I don't think screwing the corners is necessary or required unless a local code or the instructions dictate.


----------



## Bulldog1 (Oct 21, 2011)

We usually screw each corner to the main T.


----------



## OaklandElec (Jan 4, 2011)

Bulldog1 said:


> We usually screw each corner to the main T.


Us too, but some old timers claim you only need to do opposite corners. I was taught to do all 4 when I first moved to CA, but have never actually seen where it says you have to. I have seen inspectors call it though...


----------



## Gaterhater (Nov 15, 2011)

This is one of those subjects that changes from county to county, city to city, or state to state. It's seems to be getting closer to a standard though. Usually two separate means of support are called for( opposite corned grid wire being one). Hurricane clips, screws, or those cheap tabs you can bend out usually suffice for the second.


----------



## sparkie2010 (Sep 15, 2009)

OaklandElec said:


> Trying to figure out where and what the code is as far as far as supporting 2x4 fixtures in a T-bar ceiling. I've always done 2 seismic wire at opposite corners, and screw all 4 corners to the main runners. NEC 410 doesn't get that specific. Is it in the CBC? Local authority?
> 
> Thanks.


Two or four supports depending on AHJ


----------



## cabletie (Feb 12, 2011)

In my opinion there never was or never will be a definitive answer on this subject, no matter what any code book says. Ask the ahj what he wants. If you can push the fixture up it is probably no good. If the fixture can fall out of the ceiling if there was no ceiling it is probably no good. I believe there is also building codes on the subject as well.

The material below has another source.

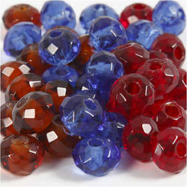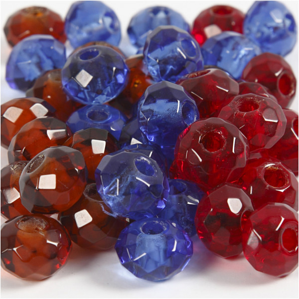Runde Glasperlen mit großer Bohrung und handgefertigtem Facettenschliff.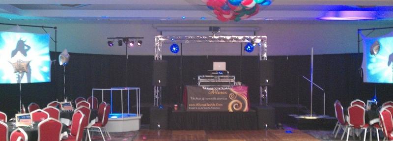 Black Ice Productions is your complete event entertainment connection. We offer services from a simple DJ set up, to complete atmosphere transformations including video screens, mood lighting, intregrated fog machine and laser lights, dramatic "ultra lounge" style draping, VIP cabana areas, go-go stage and dancer poles.

I know a lot of people screw 2 corners. I prefer 2 screws in the middle. It seams to hold the fixture better when closing the cover or re-lamping. We have been using the caddy speed links that are shaped like a Y for years now and I have not heard any complaints from inspectors or bosses.


----------



## randomkiller (Sep 28, 2007)

The building code is where you should find those details and some localities have further requirements.


----------



## manchestersparky (Mar 25, 2007)

OaklandElec said:


> Trying to figure out where and what the code is as far as far as supporting 2x4 fixtures in a T-bar ceiling. I've always done 2 seismic wire at opposite corners, and screw all 4 corners to the main runners. NEC 410 doesn't get that specific. Is it in the CBC? Local authority?
> Thanks.


NEC article 410.36(B)
Suspended ceilings. Framing members of suspended ceiling sytems used to support luminaires shall be securely fastened to each other and shall be securely attached to the building structure at appropriate intervals. Luminaires shall be securely fastened to the ceiling framing member by mechanical means such as bolts,screws,or rivets. Listed clips identified for use with the type of ceiling framing member(s) and luminiare(s) shall also be permitted.

This says that the ceiling must be attached to the structure and the framing members secured to each other. This also says you shall screw,bolt, or rivet the light to the framing member of the ceiling. (I would go as far as saying the main runners not the Tees) You can use clips that are listed for the type of ceiling(layin) and the type of fixture your using ( Lay in). Caddy makes one that clips over the top of the grid and holds the lay in in place.
I would also verify the requirements of the jurisdiction your working in. They often have an admendment that they enforce. In my jurisdiction we require that all 2x4 lay ins have a minimum of 2 ties to the structure on opposite corners. Recess cans are required to have a minimum of 1 tie to the structure. Any boxes in ceiling for receptacles are required to have a minimum of 1 tie to the structure as well.
Yes we have this as an admendment to the adopted code.


----------